1Department of Pharmacology and Therapeutics, Laboratory of Inflammation, State University of Maringá, Avenida Colombo 5790, 87020-900 Maringá, PR, Brazil
2Department of Pharmacology and Therapeutics, Laboratory of Brain Ischemia and Neuroprotection, State University of Maringá, Maringá, PR, Brazil

Received 26 June 2014; Revised 30 August 2014; Accepted 1 September 2014; Published 25 November 2014

Academic Editor: Jen-Kun Cheng

Copyright © 2014 Alessandra Mileni Versuti Ritter et al. This is an open access article distributed under the Creative Commons Attribution License, which permits unrestricted use, distribution, and reproduction in any medium, provided the original work is properly cited.

Abstract

This study investigated the antinociceptive activity of anethole (anethole 1-methoxy-4-benzene (1-propenyl)), major compound of the essential oil of star anise (Illicium verum), in different experimental models of nociception.

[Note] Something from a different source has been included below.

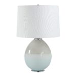 Your search for the perfect table lamp to feature in your transitional design project ends here. This one expertly combines pale blue glass, chrome details and a crisp white linen shade to create a lamp with classic good looks. Anywhere you place it, beautiful light and style are guaranteed.

The animals were pretreated with anethole (62.5, 125, 250, and 500 mg/kg) one hour before the experiments. To eliminate a possible sedative effect of anethole, the open field test was conducted. Anethole (62.5, 125, 250, and 500 mg/kg) showed an antinociceptive effect in the writhing model induced by acetic acid, in the second phase of the formalin test (125 and 250 mg/kg) in the test of glutamate (62.5, 125, and 250 mg/kg), and expresses pain induced by ACF (250 mg/kg). In contrast, anethole was not able to increase the latency time on the hot plate and decrease the number of flinches during the initial phase of the formalin test in any of the doses tested. It was also demonstrated that anethole has no association with sedative effects. Therefore, these data showed that anethole, at all used doses, has no sedative effect and has an antinociceptive effect. This effect may be due to a decrease in the production/release of inflammatory mediators.